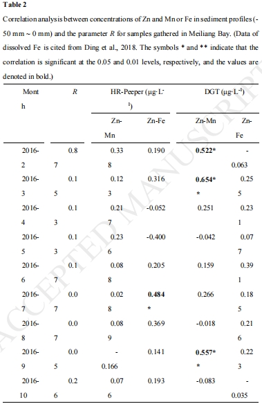 研究意義:直接、高分辨率地量化了鋅在沉積物-水界面的生物有效性和遷移潛力。數(shù)據(jù)顯示了Zn濃度的顯著季節(jié)性波動(dòng),為揭示其遷移規(guī)律提供了最核心的證據(jù)。DGT有效態(tài)Zn與溶解態(tài)Zn的比值(R值)反映了沉積物固相對(duì)Zn的再補(bǔ)給能力。
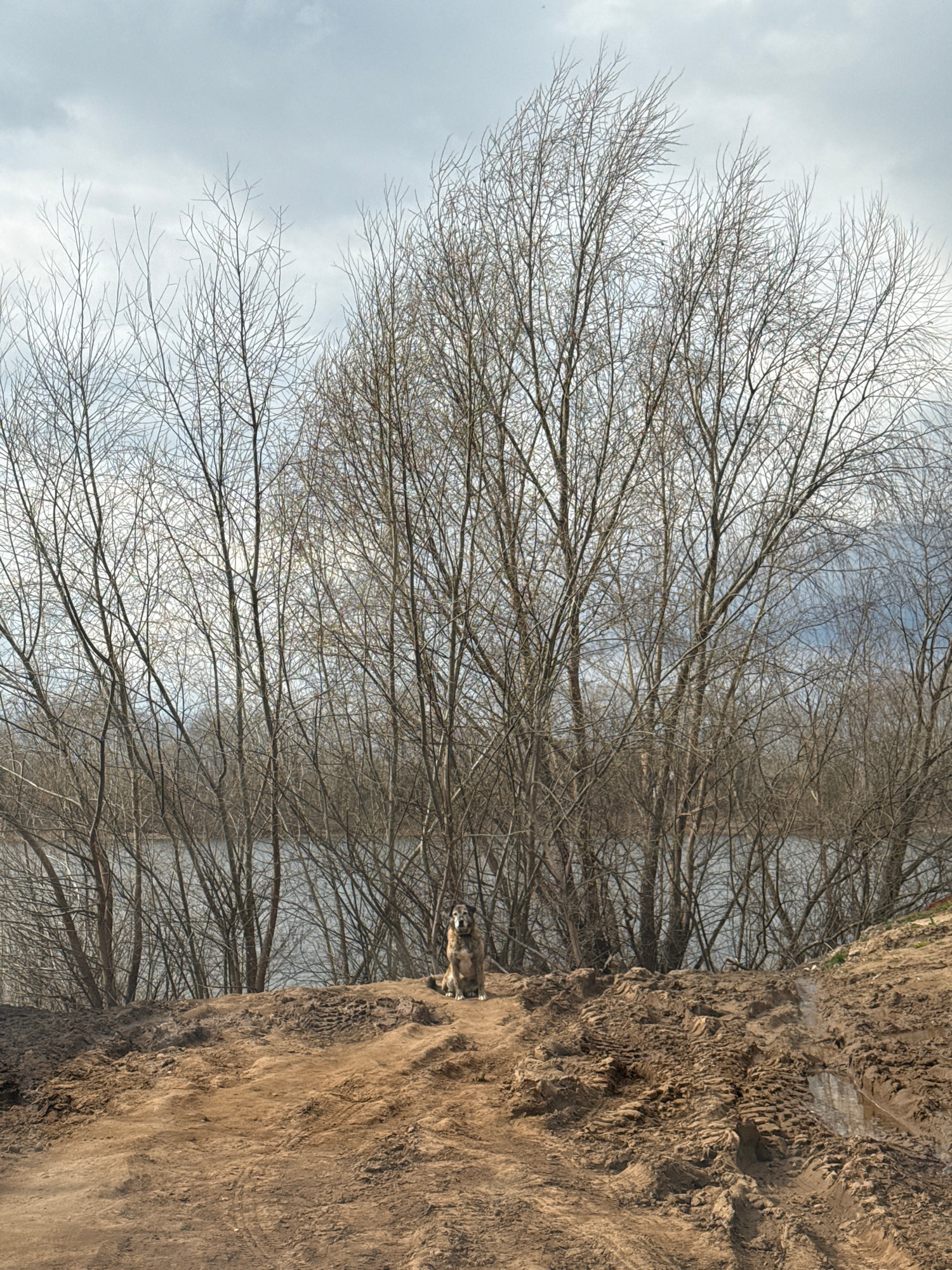 A dog stands on a dirt embankment next to bare trees under a cloudy sky. The location is Chaikovsky, Russia.
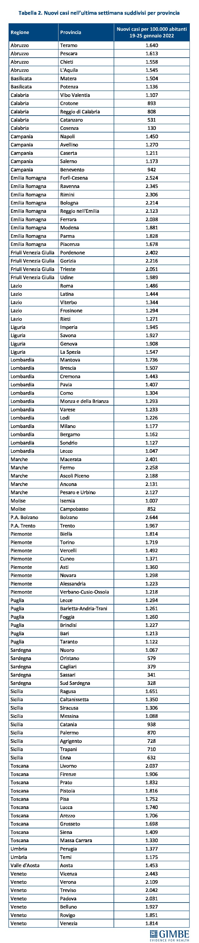 Scendono intanto da 51 a 20 le province con incidenza superiore ai 2.000 casi per 100.000 abitanti: Bolzano (2.644), Forlì-Cesena (2.524), Vicenza (2.443), Pordenone (2.402), Macerata (2.401), Ravenna (2.345), Rimini (2.306), Fermo (2.258), Gorizia (2.216), Bologna (2.214), Ascoli Piceno (2.188), Ancona (2.131), Pesaro e Urbino (2.127), Reggio nell'Emilia (2.123), Verona (2.109), Trieste (2.051), Treviso (2.042), Ferrara (2.038), Livorno (2.037) e Padova (2.031).
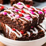 Allow the brownies to cool completely in the pan—this is non-negotiable for clean cuts. Once cooled, lift them out using the parchment overhang and slice into squares with a sharp knife dipped in hot water (wipe between cuts for clean edges). Melt your Ghirardelli chocolate wafers according to package instructions and drizzle artistically over each square. Immediately add Valentine’s sprinkles before the chocolate sets. For extra flair, use red and white melting wafers to create heart designs or write “Love” on each brownie.
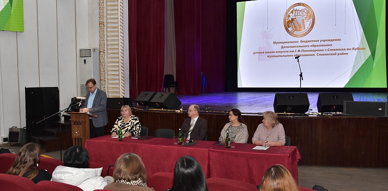 30 января в городском Доме культуры Славянска-на-Кубани состоялся районный педагогический совет работников детских школ искусств. Мероприятие прошло под руководством начальника управления культуры района Дмитрия Решмета и собрало педагогов учреждений дополнительного образования.
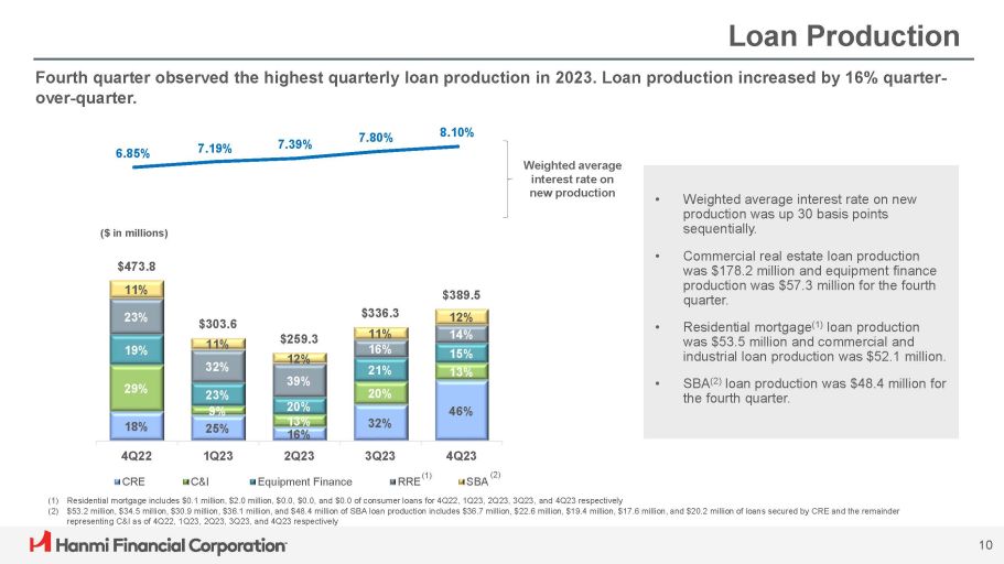 4Q23 Highlights Diluted EPS $0.61 ROAA 0.99% NIM 2.92% Efficiency Ratio 58.86% TBVPS (1) $22.75 Net Income $18.6M • Net income was $18.6 million, or $0.61 per diluted share, down 0.9% from $18.8 million, or $0.62 per diluted share, for the prior quarter » Net interest income was $53.1 million, down 3.1% from the prior quarter » Noninterest income was $6.7 million, down 40.5% from the prior quarter primarily due to the third quarter benefitting from a $4.0 million gain on a branch sale - and - leaseback » Noninterest expense was $35.2 million, up 2.8% from the prior quarter » Efficiency ratio was 58.86%, compared with 51.82% for the prior quarter • Loans receivable were $6.18 billion, up 2.7% from the prior quarter » Loan production was $389.5 million with a weighted average interest rate of 8.10% • Deposits were $6.28 billion, up 0.3% from the prior quarter, with noninterest - bearing demand deposits representing 31.9% of total deposits » Cost of interest - bearing deposits was 3.83%, up 30 basis points from the prior quarter • Credit loss recovery was $2.9 million; allowance for credit losses to loans was 1.12% at December 31, 2023 • Tangible common equity to tangible assets (1) was 9.14%, Common equity tier 1 capital ratio was 11.86% and total capital ratio was 14.95% ROAE 9.70% (1) Non - GAAP financial measure; refer to the non - GAAP reconciliation slide 9

What the task asks:
The copy should run from the first line of the material above through the line with "Scendono intanto da", repeated exactly and without pictures.

Expected answer:
 研究意義:直接、高分辨率地量化了鋅在沉積物-水界面的生物有效性和遷移潛力。數(shù)據(jù)顯示了Zn濃度的顯著季節(jié)性波動(dòng),為揭示其遷移規(guī)律提供了最核心的證據(jù)。DGT有效態(tài)Zn與溶解態(tài)Zn的比值(R值)反映了沉積物固相對(duì)Zn的再補(bǔ)給能力。
 A dog stands on a dirt embankment next to bare trees under a cloudy sky. The location is Chaikovsky, Russia.
 Scendono intanto da 51 a 20 le province con incidenza superiore ai 2.000 casi per 100.000 abitanti: Bolzano (2.644), Forlì-Cesena (2.524), Vicenza (2.443), Pordenone (2.402), Macerata (2.401), Ravenna (2.345), Rimini (2.306), Fermo (2.258), Gorizia (2.216), Bologna (2.214), Ascoli Piceno (2.188), Ancona (2.131), Pesaro e Urbino (2.127), Reggio nell'Emilia (2.123), Verona (2.109), Trieste (2.051), Treviso (2.042), Ferrara (2.038), Livorno (2.037) e Padova (2.031).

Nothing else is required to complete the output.